Sept. 20 (Bloomberg) -- Developing-nation stocks rose, sending the MSCI Emerging Markets Index to a five-month high, as consumer and technology shares advanced amid signs corporate earnings growth will weather a U.S. economic slowdown.
Tsingtao Brewery Co., the Chinese beermaker, jumped 5.2 percent in Shanghai after an adviser to China’s central bank said the nation needs to increase domestic consumption. Taiwan Semiconductor Manufacturing Co., the world’s largest custom manufacturer of chips, climbed 1.3 percent in Taipei after placing two orders for equipment. Energy Development Corp. led Philippine equity gains after Deutsche Bank AG said the benchmark index will surpass its record high on earnings growth.
The MSCI gauge of 21 developing countries rose 0.8 percent to 1,044.18, with a measure of consumer discretionary stocks rising the most among 10 industry groups. The Philippine Stock Exchange Index, the best performer among the 15 biggest Asia Pacific markets this year, increased 1.9 percent.
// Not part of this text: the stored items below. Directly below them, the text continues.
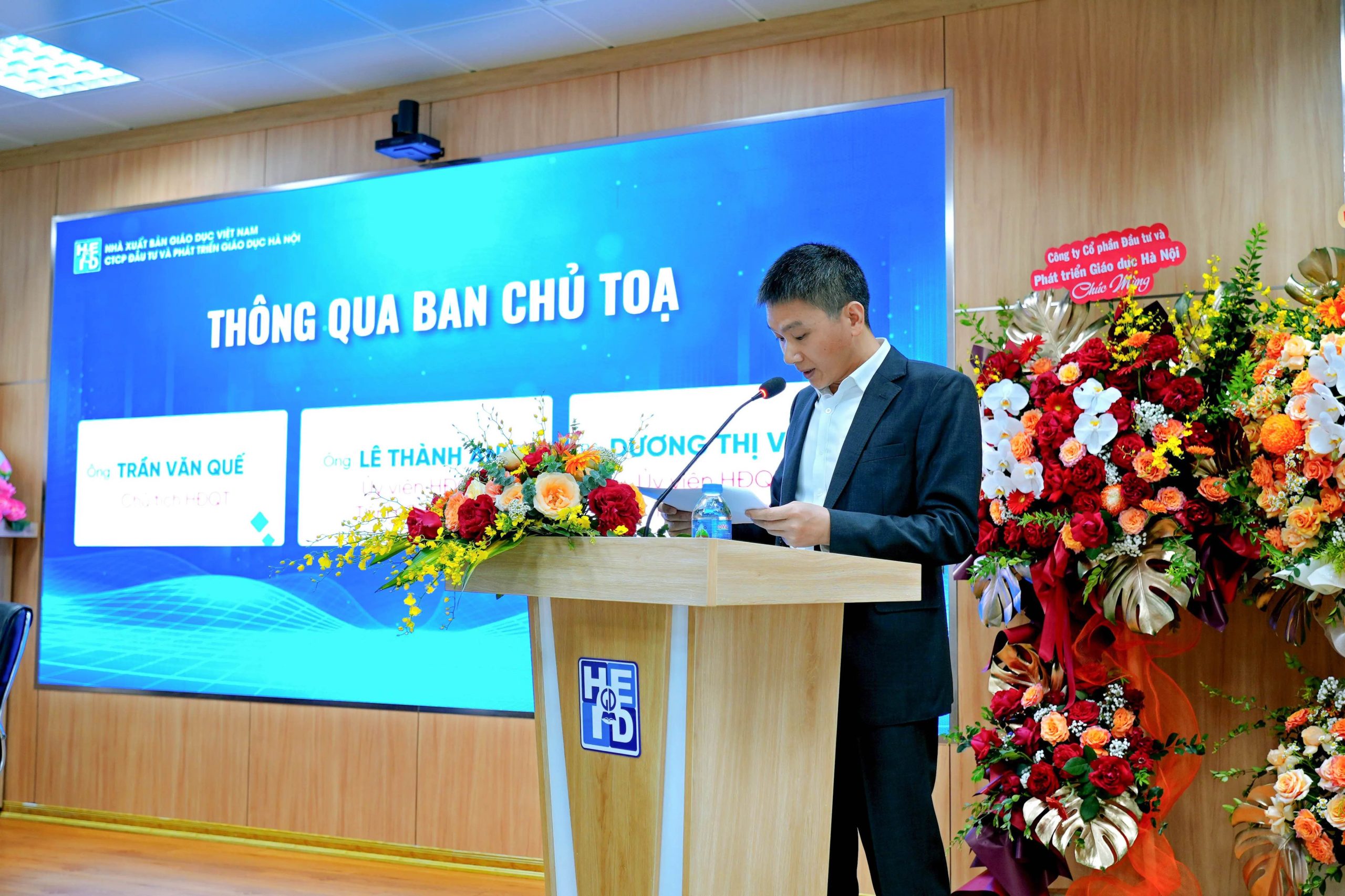Tham dự Đại hội, về phía Nhà xuất bản Giáo dục Việt Nam (NXBGDVN) có ông Phạm Vĩnh Thái – Thành viên Hội đồng thành viên (HĐTV) NXBGDVN; ông Phạm Văn Thắng – Thành viên HĐTV NXBGDVN; ông Lê Huy – Phó Tổng Giám đốc NXBGDVN; bà Lê Anh – Phó Trưởng ban Thư kí biên tập NXBGDVN; về phía NXBGD tại Hà Nội có sự tham gia của ông Nguyễn Quốc Hồng – Giám đốc NXBGD tại Hà Nội; về phía Công ty TNHH Hãng Kiểm toán AASC có ông Nguyễn Trường Minh – Chủ nhiệm kế toán; về phía Công ty Cổ phần Đầu tư và Phát triển Giáo dục Hà Nội có ông Trần Văn Quế – Chủ tịch Hội đồng quản trị Công ty, ông Lê Thành Anh – Uỷ viên Hội đồng quản trị kiêm Tổng Giám đốc Công ty, bà Nguyễn Thị Thu Hồng – Phó Trưởng Ban Tài chính – Kế toán NXBGDVN kiêm Trưởng ban Kiểm soát Công ty; cùng các thành viên Hội đồng quản trị, Ban Kiểm soát, Ban điều hành Công ty và toàn thể quý cổ đông của Công ty Cổ phần Đầu tư và Phát triển Giáo dục Hà Nội.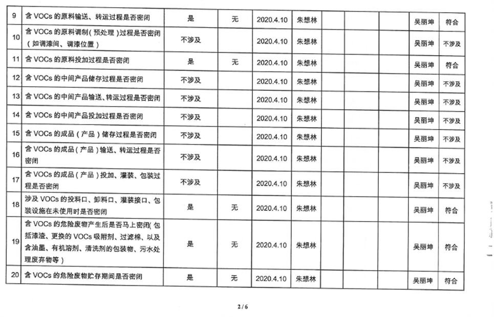 廈門(mén)市揮發(fā)性有機(jī)物污染防治企業(yè)自查表(2020年第二季度)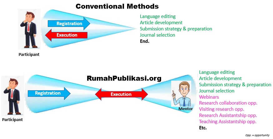 A: Fokus utama program RumahPublikasi adalah pada penguasaan keahlian publikasi karya tulis ilmiah secara individual bagi setiap peserta (member), tidak hanya semata membantu naskah agar dapat terpublikasi. Penguasaan keahlian publikasi internasional ini hanya dapat dicapai melalui program mentoring atau konsultasi intensif yang dilakukan antara peserta dengan seorang mentor profesional atau pakar di bidangnya. Sehingga, pada akhir masa program, setiap peserta diharapkan dapat memiliki sekurangnya 2-3 naskah terpublikasi di berbagai jurnal ternama dan menguasai keahlian tersebut sehingga dapat terus berkontribusi pada submission naskah secara independent selama karir profesionalnya. Selain itu, setiap peserta dapat melakukan registrasi sebagai mentor dan membantu diseminasi program pada tahap selanjutnya. Detail program mentoring dibahas pada point selanjutnya.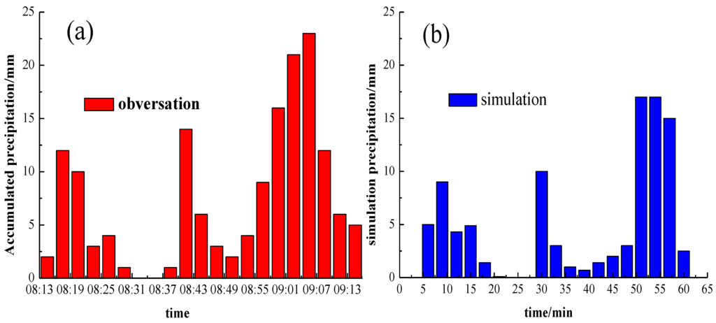 Ground rainfall accumlated in 3 min versus time: (a) observed durin 08:00–09:30 on 12 July 2012 in Wuhan; and (b) simulation.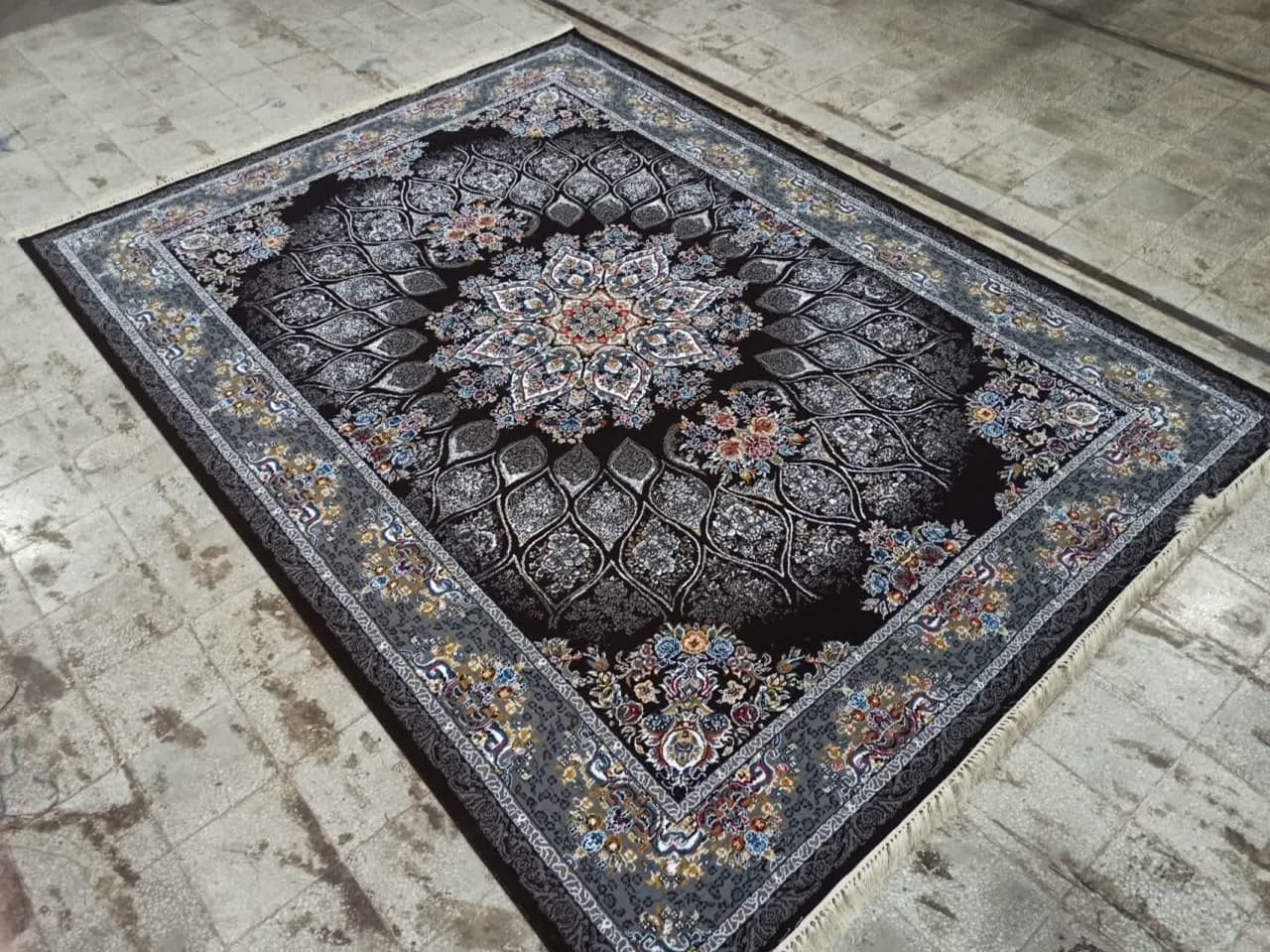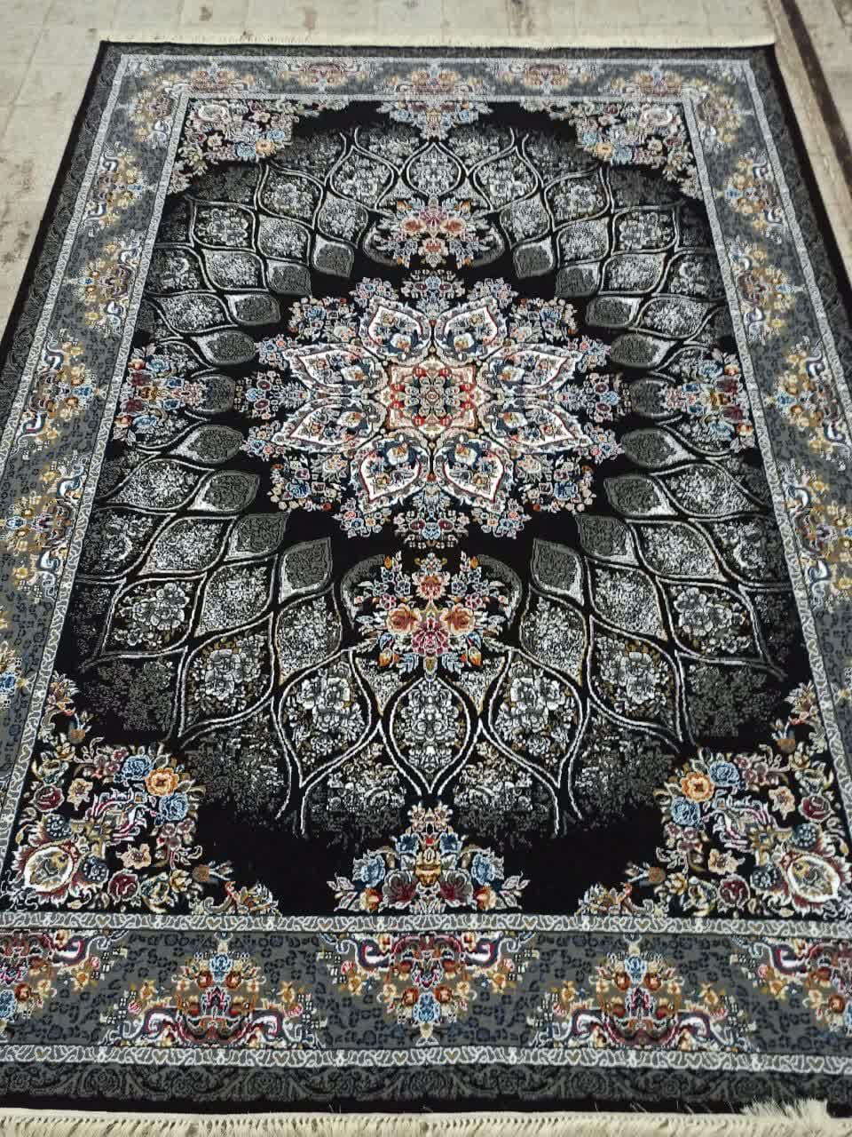 فرش ماشینی ارزان قیمت نقشه مانلی زمینه ذغالی

South Africa’s FTSE/JSE Africa All Share Index climbed 1.1 percent. Brazil’s Bovespa index rose 1.6 percent.
“Funds are shifting away from developed markets to emerging economies,” said Paul Joseph Garcia, who manages $1.7 billion as chief investment officer at the Manila unit of ING Investment Management Ltd. “Corporate earnings and economic prospects in emerging markets are better than in developed markets.”
Flows into emerging-market equity funds and high-yield bonds reached a six-week high in the week to Sept. 15 as higher risk appetite sustained a global rally, EPFR Global said last week. Developing-nation equity funds received about $3.3 billion as Chinese industrial output gains bolstered sentiment, EPFR said. Flows into Asia excluding-Japan equity funds hit a seven-week high.
Brazil’s Bovespa stock index will gain 16 percent to a record 78,000 by yearend as “obstacles” are removed, including presidential elections and Petroleo Brasileiro SA’s share sale, Goldman Sachs Group Inc. said.
The central bank’s signal that it will hold borrowing costs through 2010 also boosts the prospects for Brazilian stocks, Stephen Graham and Andre Rezende, analysts at Goldman Sachs in Sao Paulo, wrote in a note to clients today. The benchmark equity gauge may rally 31 percent to 88,000 by mid-2011, they said.
The Federal Reserve is likely to lower its forecasts for U.S. economic growth at tomorrow’s meeting, Mohamed A. El-Erian, chief executive officer at Pacific Investment Management Co., wrote in an opinion piece published on Pimco’s website.
China needs to increase domestic consumption to help survive in a global economic environment that is growing more challenging, Li Daokui, an adviser to the People’s Bank of China, said at a financial forum in Beijing yesterday.
India’s benchmark Sensitive Index advanced 1.6 percent. Reliance Communications Ltd., the nation’s second-largest mobile-phone operator, jumped 5.3 percent.
The Jakarta Composite index lost 0.4 percent. PT Bank Mandiri, Indonesia’s biggest bank by assets, fell 4.4 percent, the most in three months. The nation’s central bank said on Sept. 17 it may require lenders to disclose their prime-lending rates each month starting November to boost competition.
Mol Nyrt. led Hungary’s BUX index 1.2 percent lower as oil declined.